→ **AIM OF THE EXERCISE**:
Taking only the lines of the data below from the line with "Four weeks facilitating" to the line with "Yüksekokul konferans salonunda", ends included, write them out exactly and without pictures.
*** MATERIAL TO PROCESS ***
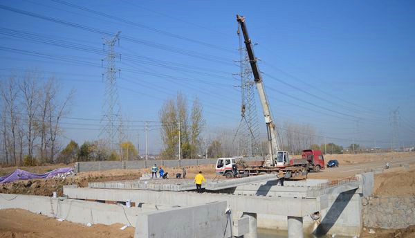 近日,可達(dá)科技配套項(xiàng)目天柱山路跨民便河橋梁10米空心板梁正式開始吊裝。
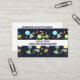 A business card with a cute and colourful pattern with all kinds of outer space themed elements. Images include astronauts floating around in their white space suits. Stars and planets and cool little rocket ships, spaceships, and satellites. Fun and crazy design.
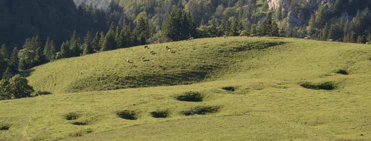 Ces objets ont été observés et étudiés en détail de sorte que l’on comprend aujourd’hui relativement bien les différents processus qui aboutissent à leur formation (voir illustration). Bien que caractéristiques des régions karstiques, une menace plane sur les dolines, qui font l’objet de pollutions, voire de comblements. Ces pratiques posent problème à plusieurs égards. En tant que point d’infiltration privilégié des eaux de surface, toute intervention sur une doline va avoir un impact sur l’ensemble du système karstique. Un agent polluant aboutira rapidement aux réserves d’eau souterraine, puis aux sources. Une étanchéification reportera la dissolution sur une autre zone, potentiellement moins favorable. Les dolines sont particulièrement remarquables dans le paysage lorsqu’elles forment des champs ou des chapelets, comme dans la combe des Begnines (VD) située dans le Haut Jura ou encore près des RougesTerres, aux environs de Saignelégier, dans les Franches Montagnes (JU).
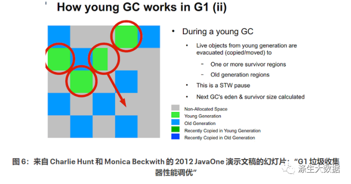 如图 6 所示,Java 程序使用 Java API 分配的每个对象首先进入左侧年轻代的 Eden 空间。一段时间后,Eden 变满,触发了 Young generation GC。仍然被引用(即“活着”)的对象被复制到 Survivor 空间。当对象在年轻代中存活了几次 GC 后,它们就会被提升到老年代空间。当 Young GC 发生时,Java 应用程序的线程会停止,以便安全地标记和复制活动对象。这些停止是臭名昭著的“停止世界”GC 暂停,这使得应用程序在暂停结束之前没有响应。
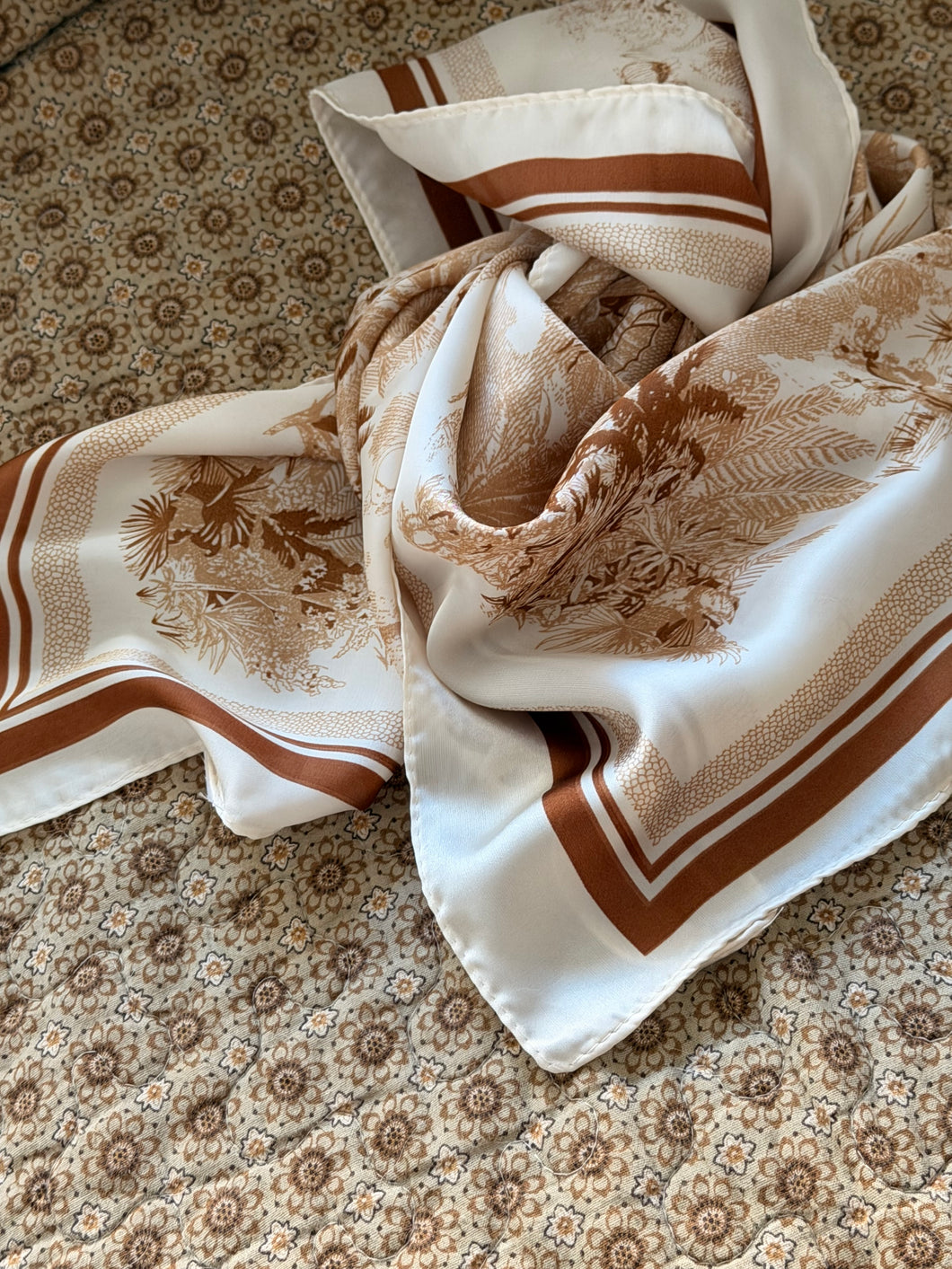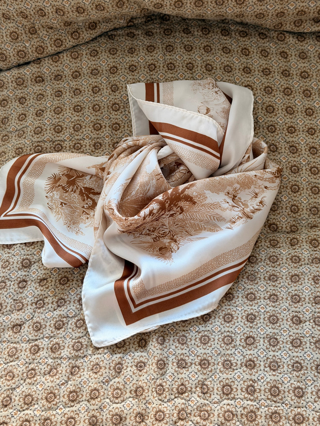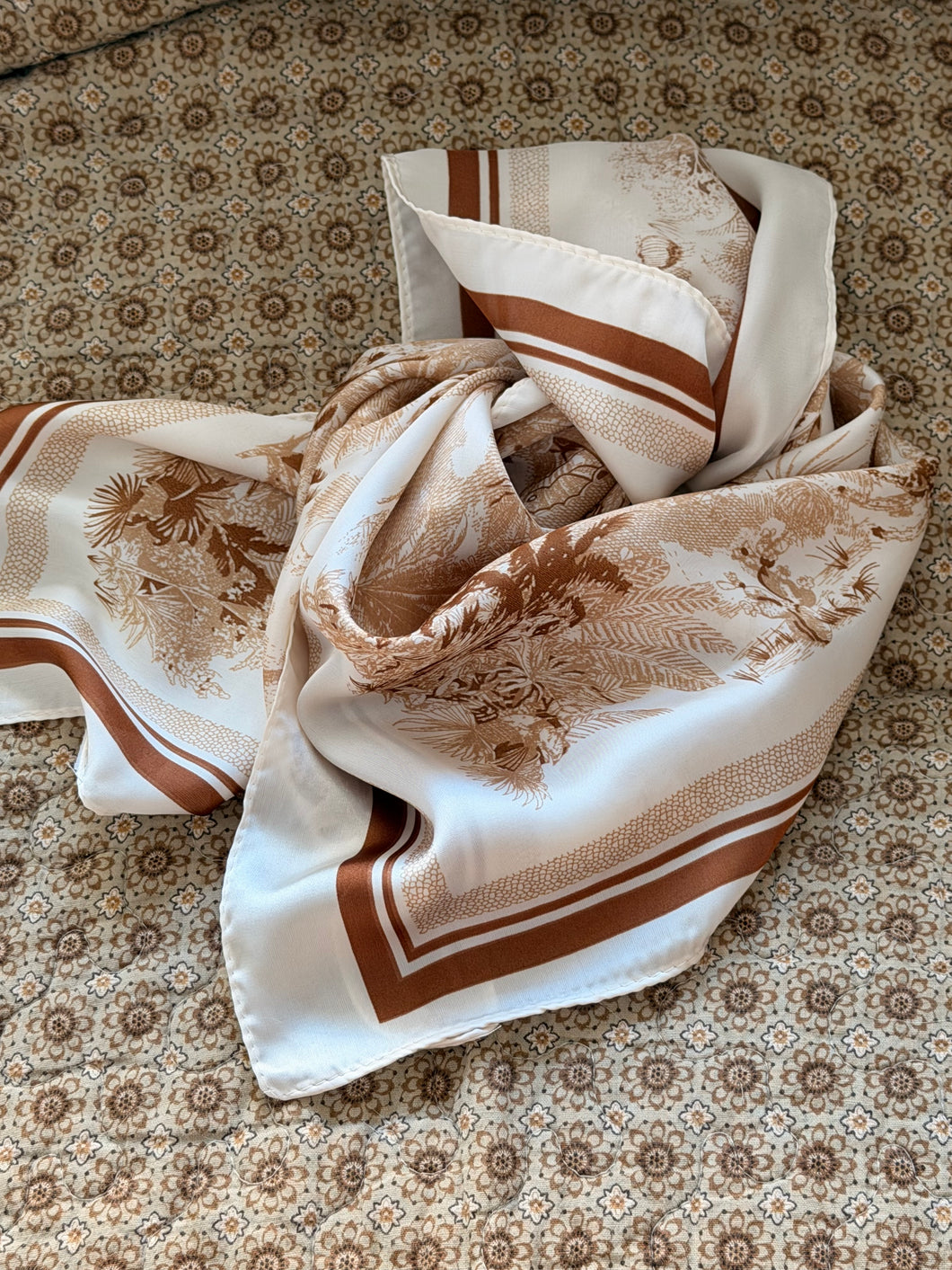 Color: off white with camel print
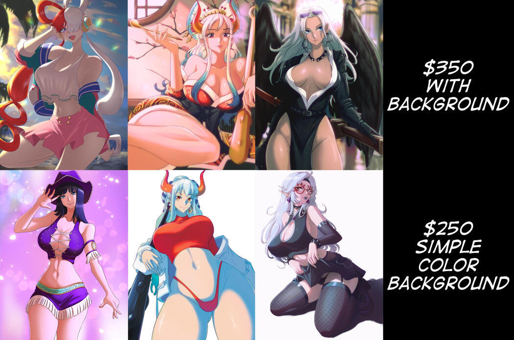 Commissions start at $250 for a single character and simple colour background, $350 for a detailed background instead
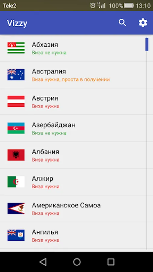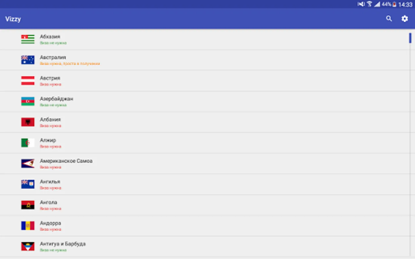 Vizzy app tells you what country you can go, and what documents and procedures are needed for this. Find the country where you want to go and find out instantly whether a visa is required for this.
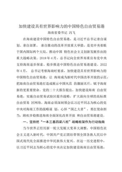 署名文章:20231130加快建设具有世界影响力的中国特色自由贸易港——海南省委书记 冯飞
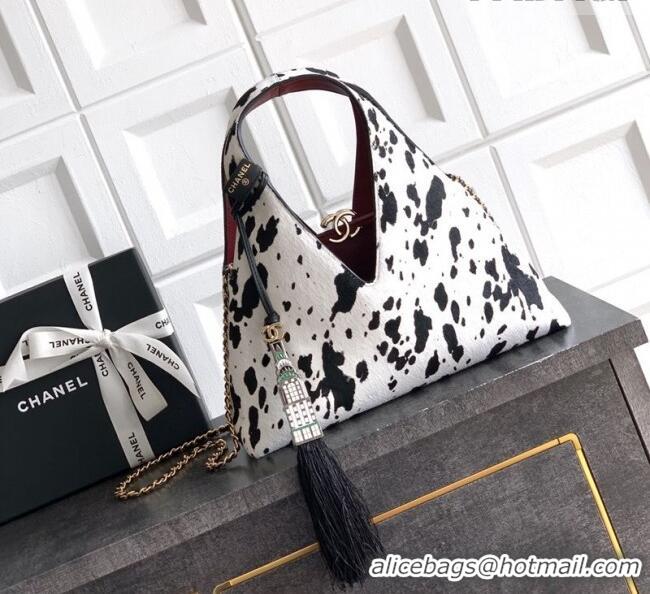 Traditional Specials Chanel Printed Hair-Like Hobo Bag with Tassel Charm CH020406 White/Black 2026
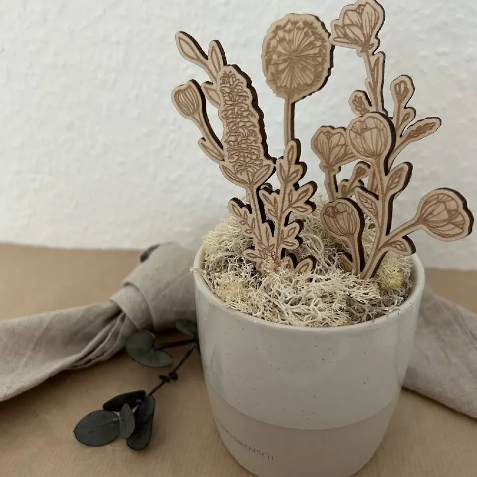 Holz ist ein Naturmaterial, weshalb es sich bei den abgebildeten Fotos um Beispielbilder handelt. Das Holz ist immer unterschiedlich hell und kann auch kleine Unreinheiten in der Maserung aufweisen. Manchmal versteckt sich auch ein kleiner Ast auf der Oberfläche. Unterschiedliche Maserungen sind gewollt und geben jedem Stück seinen einzigartigen Charakter und Charme. Die Blumen werden gebrannt und weisen daher den typischen Gravureffekt auf. Am Rand können durch das Lasern Schmauchspuren entstehen. All das stellt kein Reklamationsgrund dar. Weitere abgebildete Dekorationen oder Produkte sind nicht im Preis inbegriffen.
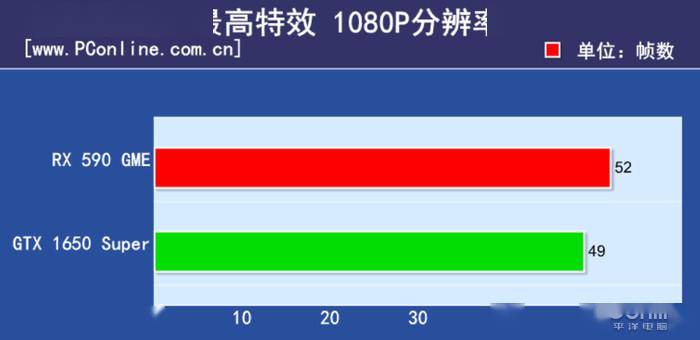在“匡扶汉室”的全面战争:三国中,蓝宝石RX590 GME以2帧的微弱优势领先GTX1650 Super 5.4%的帧数表现。
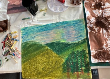 Four weeks facilitating alongside groups of people who attend the Wellness Improvement Service Programme, Cwm Taf Morgannwg University Health Board. Creations included lino cards, origami cranes, sun catchers, notebooks, decorations, affirmations and many more, each participant brought their own unique set of interests and skills to share with one another. Driving the sessions and what made it special was the people; human connection, having a couple of hours in the day to connect and talk. Making with our hands eased this process even more. It was reflected that having a time to pause and ‘create’ is something that we don’t allow ourselves to do enough, and was highly valued, and needs to continue. This process aids taking one's mind off things such as chronic pain, which many members of the groups live with. People reflected that they found themselves immersed in making and gained confidence in their art making, coming home with something they have made and taking back materials to continue. Four weeks was not long enough! Many of the people reported they will miss these workshops, but I will miss them more.
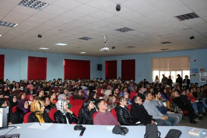 Yüksekokul konferans salonunda Simav Sosyal Hizmet Merkezi Müdürlüğü Personeli İklime Gündüz tarafından verilen ‘Madde bağımlılığı ile mücadele’ konulu konferansa öğretim görevlileri ve öğrenciler katıldı.
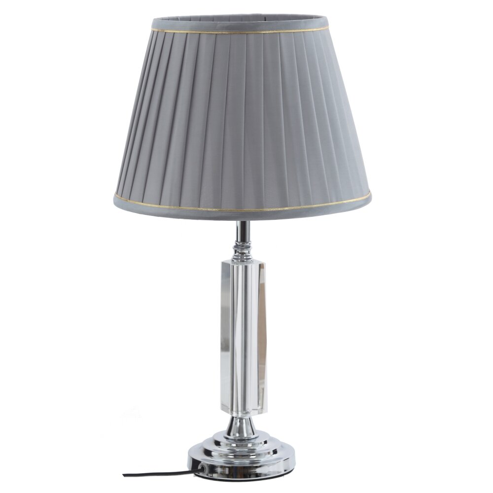 Настольный светильник сочетает современную элегантность и классический дизайн. Плафон выполнен из серой гофрированной ткани с тонкой золотистой окантовкой по краю, мягко рассеивает свет и создаёт уютную атмосферу. Основание из хромированного металла с прозрачной вставкой визуально напоминает кристалл и придаёт интерьеру ощущение легкости и изысканности. Светильник идеально подойдёт для прикроватной тумбы, рабочего стола или зоны отдыха в гостиной. Длина шнура 1 м обеспечивает удобство подключения к розетке, а стандартный патрон Е27 позволяет использовать широкий выбор ламп накаливания, светодиодных или энергосберегающих.
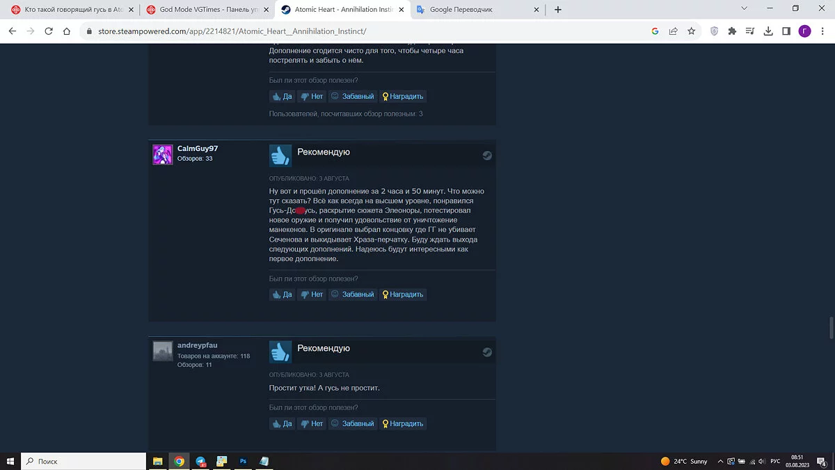 «Гусь булит меня» — появились отзывы и реакции геймеров в Steam на Atomic Heart: Annihilation Instinct
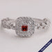 Bague en diamant rouge taille princesse avec double halo
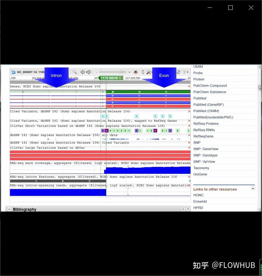 经实验验证的转录本以N 开头,而以X 开头的变体代表预测的mRNA转录本或转录的蛋白质。现在让我们跳到基因上的特定位置117610510,并放大。请注意,较大的条代表外显子,较小的条代表内含子。当基因的变异具有临床意义时,研究人员的一个重要概念是临床变异。颜色越深,变异越致病或致命。请注意,这个特殊的变体rs1800111有一个与之关联的PubMed 引用。浏览器中的附加信息包括基因序列:SNP,单核苷酸多态性,或个体之间的差异;以及关于外显子和内含子的信息;所有这些都带有相关数据库的链接。
*** End of MATERIAL TO PROCESS ***
→ **TASK SOLUTION**:
 Four weeks facilitating alongside groups of people who attend the Wellness Improvement Service Programme, Cwm Taf Morgannwg University Health Board. Creations included lino cards, origami cranes, sun catchers, notebooks, decorations, affirmations and many more, each participant brought their own unique set of interests and skills to share with one another. Driving the sessions and what made it special was the people; human connection, having a couple of hours in the day to connect and talk. Making with our hands eased this process even more. It was reflected that having a time to pause and ‘create’ is something that we don’t allow ourselves to do enough, and was highly valued, and needs to continue. This process aids taking one's mind off things such as chronic pain, which many members of the groups live with. People reflected that they found themselves immersed in making and gained confidence in their art making, coming home with something they have made and taking back materials to continue. Four weeks was not long enough! Many of the people reported they will miss these workshops, but I will miss them more.
 Yüksekokul konferans salonunda Simav Sosyal Hizmet Merkezi Müdürlüğü Personeli İklime Gündüz tarafından verilen ‘Madde bağımlılığı ile mücadele’ konulu konferansa öğretim görevlileri ve öğrenciler katıldı.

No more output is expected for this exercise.